Section 3.6 Regular Meetings. The Board of Directors shall provide by resolution the time, date and place, either within or without the State of Colorado, for the holding of an Annual Meeting and additional regular meetings without notice other than such resolution. The Annual Meeting shall occur during the NCSL Legislative Summit.
Section 3.7 Special Meetings. Special meetings of the Board of Directors may be held at any time on the call of the President, or upon a written request to the President by any three (3) of the Directors. Notice of any special meeting of the Board must state the time, date, and place of the meeting and must be delivered at least three (3) days prior to the date of such meeting by written or printed notice delivered personally, by mail, fax or email to each Director at their address as shown in the records of the Foundation.
Section 3.8 Notice of Directors’ Meetings.
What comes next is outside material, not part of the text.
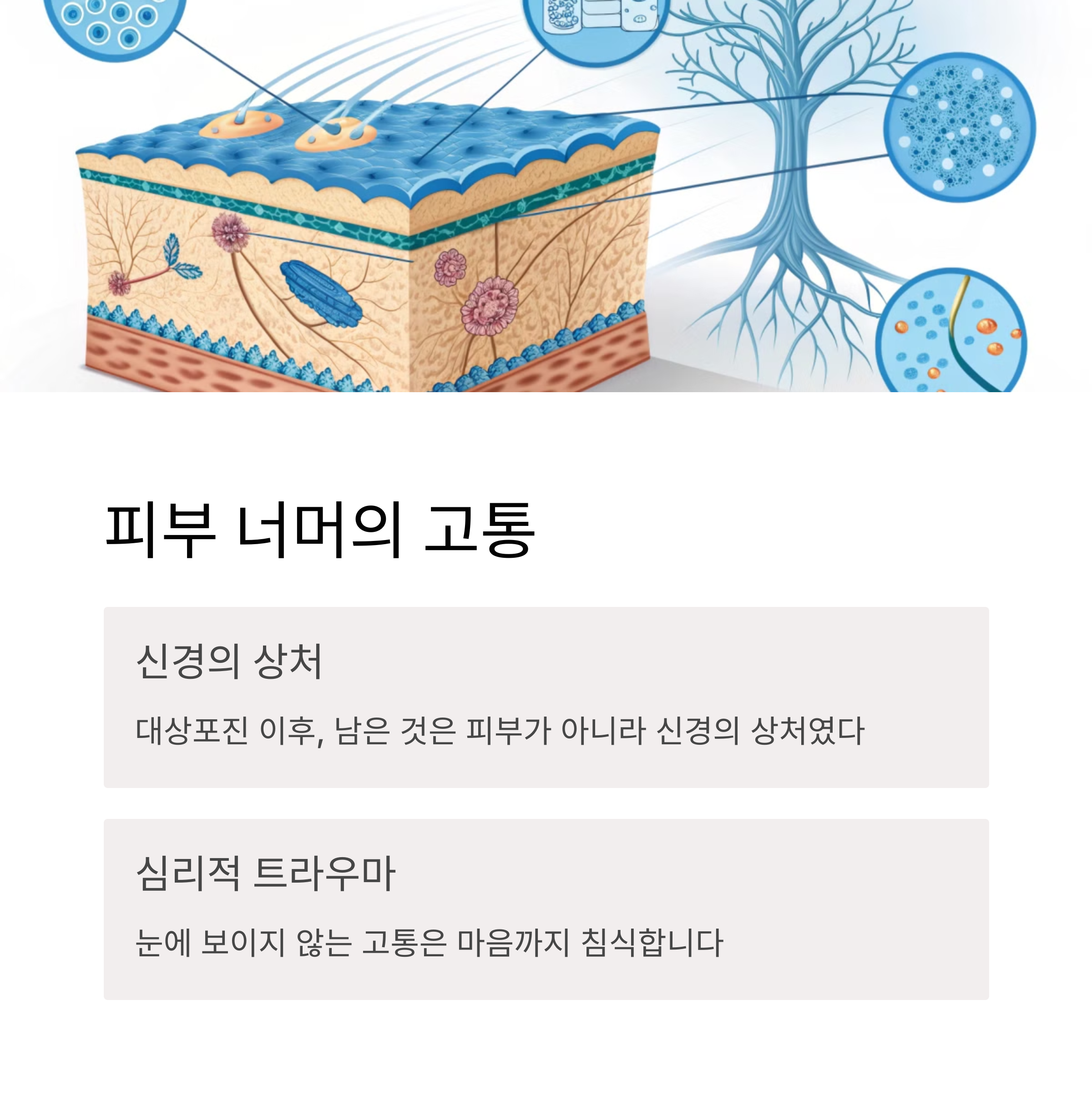 환자들은 종종 이런 말에 상처받는다. “그 정도로 아픈 거 가지고 왜 그래?”, “그건 마음의 병이야.” 하지만 신경병성 통증은 실제로 존재하는 의학적 질환이다. 통증 경로가 바뀌거나, 통증 신호가 과도하게 증폭되며 정상적인 감각조차 ‘고통’으로 인식되는 현상이기 때문이다. CT나 MRI에서는 아무 이상이 없어도, 환자는 실제로 심각한 고통을 겪고 있는 것이다.

Meetings of the board of directors shall be held upon such notice as the bylaws may prescribe. Attendance of a director at any meeting shall constitute a waiver of notice of such meeting except where a director attends a meeting for the express purpose of objecting to the transaction of any business because the meeting is not lawfully called or convened. Unless provided otherwise in the articles of incorporation or the bylaws, neither the business to be transacted at, nor the purpose of, any regular or special meeting of the board of directors need be specified in the notice or waiver of notice of such meeting.
Section 3.9 Quorum and Manner of Acting. A majority of the Directors shall constitute a quorum for the transaction of business at any meeting of the Board. The act of a majority of the Directors present at the meeting at which a quorum is present shall be the act of the Board unless the act of a greater number is required by law, the Articles of Incorporation, or these Bylaws.
Section 3.10 Vacancies. Any vacancy occurring in the Board of Directors for any reason may be filled by the NCSL Executive Committee at its next meeting from amongst a slate of qualified candidates presented by the Nominating Committee. A Director appointed to fill a vacancy shall serve for the unexpired term of their predecessor in office.
Section 3.11 Resignation and Removal. A Director may resign at any time upon written notice to the Board of Directors. A Director may be removed by the NCSL Executive Committee whenever, in its judgment, the best interests of the Foundation would be served thereby.
Section 3.12 Attendance. Directors failing to attend two (2) consecutive Foundation meetings (including regular and special board meetings and committee meetings) will automatically be removed from the Foundation Board of Directors.
Section 3.13 Meeting by Communications Equipment. Directors may participate in and act at any meeting of the Board through the use of a conference telephone, video conference or any other means of communication by which all persons participating in the meeting can communicate with each other. Participation in such meeting shall constitute attendance and presence in person at the meeting of the person or persons so participating. Notwithstanding anything set forth to the contrary in these Bylaws, any regular or special meeting to be held by means of remote communication (i.e., by conference call, video conference or other means) may be held upon a minimum of twenty-four (24) hours prior notice.